The key interest rate has fallen. Canadians were thrilled this week to learn that the Bank of Canada made its first rate cut in over four years. This brought the interest rate down to 4.75% from 5%, and more are likely lining up for the summer.
This can be great news for Canadian banks. While higher interest rates mean the companies can charge more, it also means there is less investment and loans. Now, with more consumer confidence, these two Canadian banks are likely up to bat for an increase over the next few quarters.
CIBC stock
First up, Canadian Imperial Bank of Commerce (TSX:CM) is likely to see another pop in share price among bank stocks. Especially with a lower key interest rate. And this comes down to a variety of factors.
Lower interest rates typically lead to increased demand for mortgages as borrowing becomes cheaper. CIBC, as a major mortgage lender in Canada, stands to benefit from this increased demand. More homebuyers may seek mortgages, and existing homeowners may look to refinance their mortgages at lower rates. This can drive higher mortgage origination volumes for CIBC, boosting its interest income.
Yet, it’s not just mortgages. Lower interest rates often lead to higher demand for loans, including mortgages, personal loans, and business loans. As one of Canada’s major banks, CIBC stands to benefit from increased lending activity, which can generate additional interest income.
And that’s not all. Lower interest rates can make borrowing cheaper for consumers, leading to increased spending on goods and services. This can positively impact CIBC’s retail banking operations, including credit card usage and consumer loans.
So, while shares of CIBC stock are near 52-week highs, they still have room to run. As the company continues to perform well, it now has even more room to grow with lower interest rates.
BMO stock
Then there’s Bank of Montreal (TSX:BMO), which will likely finally see better performance in shares with a lower interest rate. And this mainly comes down to its purchase of the Bank of the West in the United States.

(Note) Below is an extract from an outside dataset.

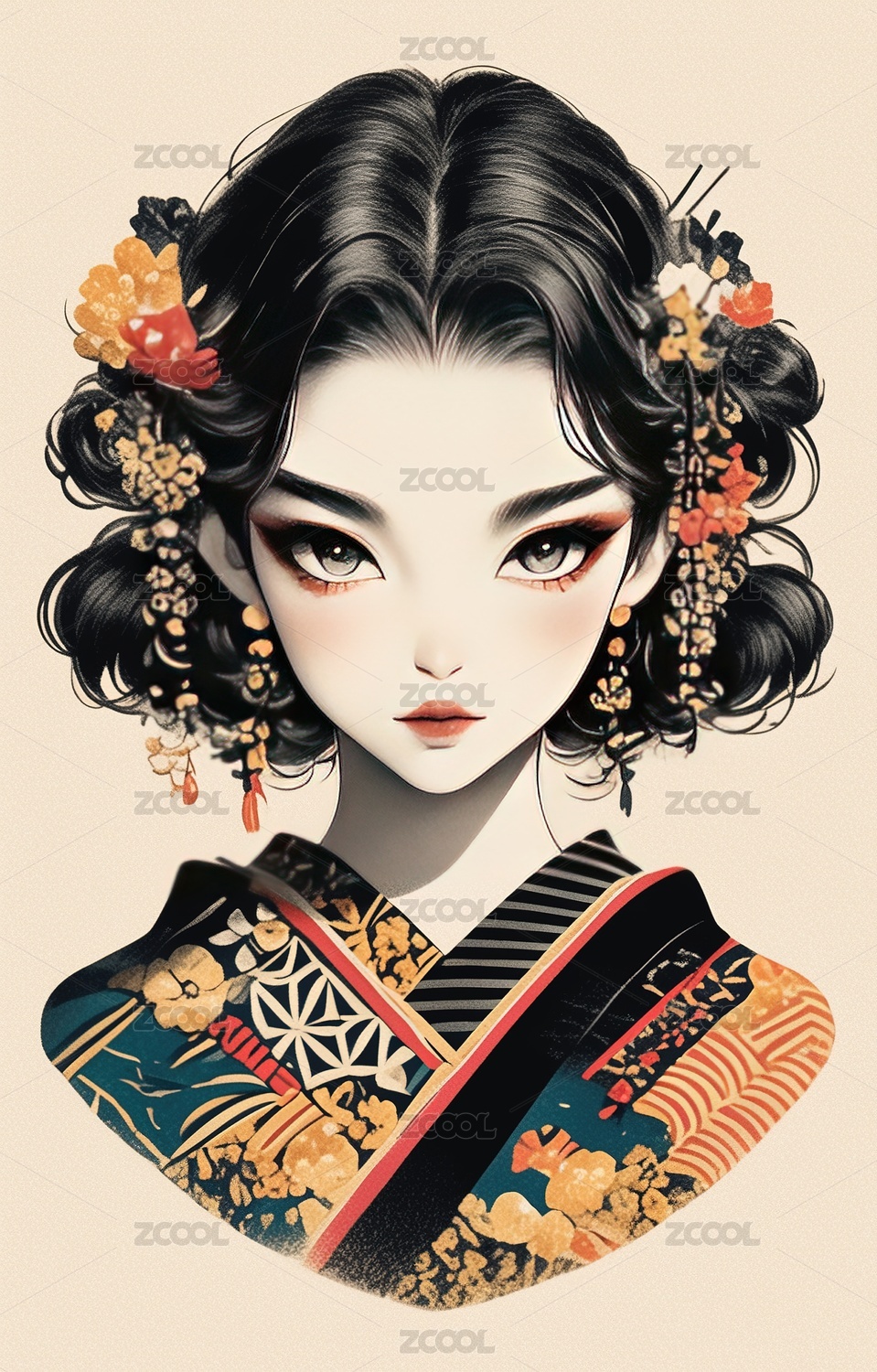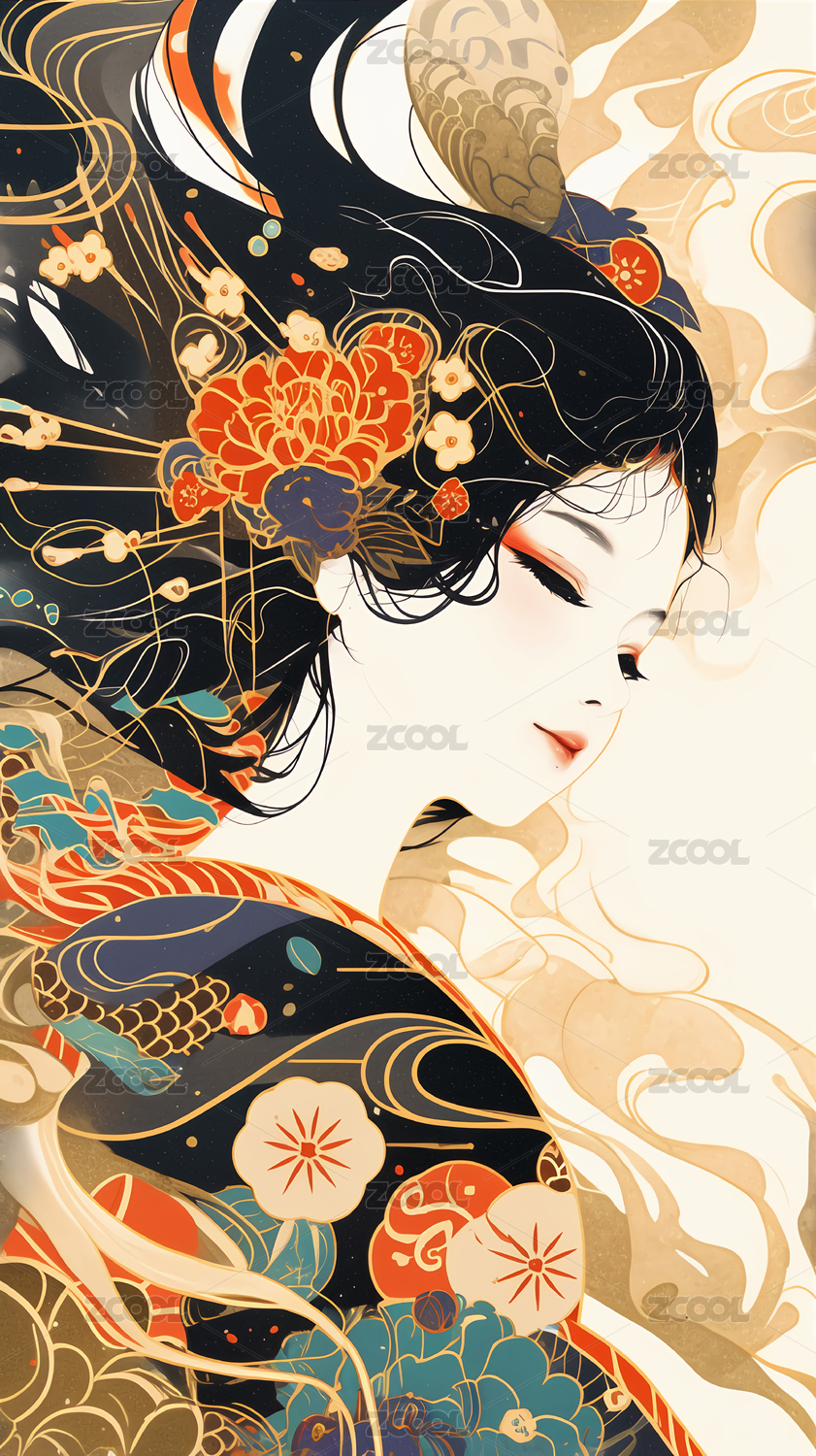 日式浮世绘风格 和服女人

BMO’s expanded presence in the United States through the acquisition of Bank of the West provides diversification benefits for Canadian investors. While a cut in the key interest rate by the Bank of Canada may have specific implications for the Canadian market, BMO’s earnings from its U.S. operations could help mitigate any adverse effects. A diversified revenue base can help cushion the impact of domestic economic fluctuations.
Lower interest rates in Canada can stimulate consumer and business borrowing activity, leading to increased demand for loans. BMO, with its operations in both Canada and the United States, may benefit from increased lending activity in Canada while also potentially benefiting from similar trends in the U.S. market. Increased loan demand can boost interest income for the bank.
Altogether, BMO stock will have lower interest rates on loans to pay down its debts when it comes to Bank of the West. It’s now looking to create $1 billion in synergies through the purchase as well. As the United States recovers, the bank should see its earnings rise significantly. So, if you’re looking for the next two Canadian banks set to pop, I would keep an eye on CIBC stock and BMO stock for now.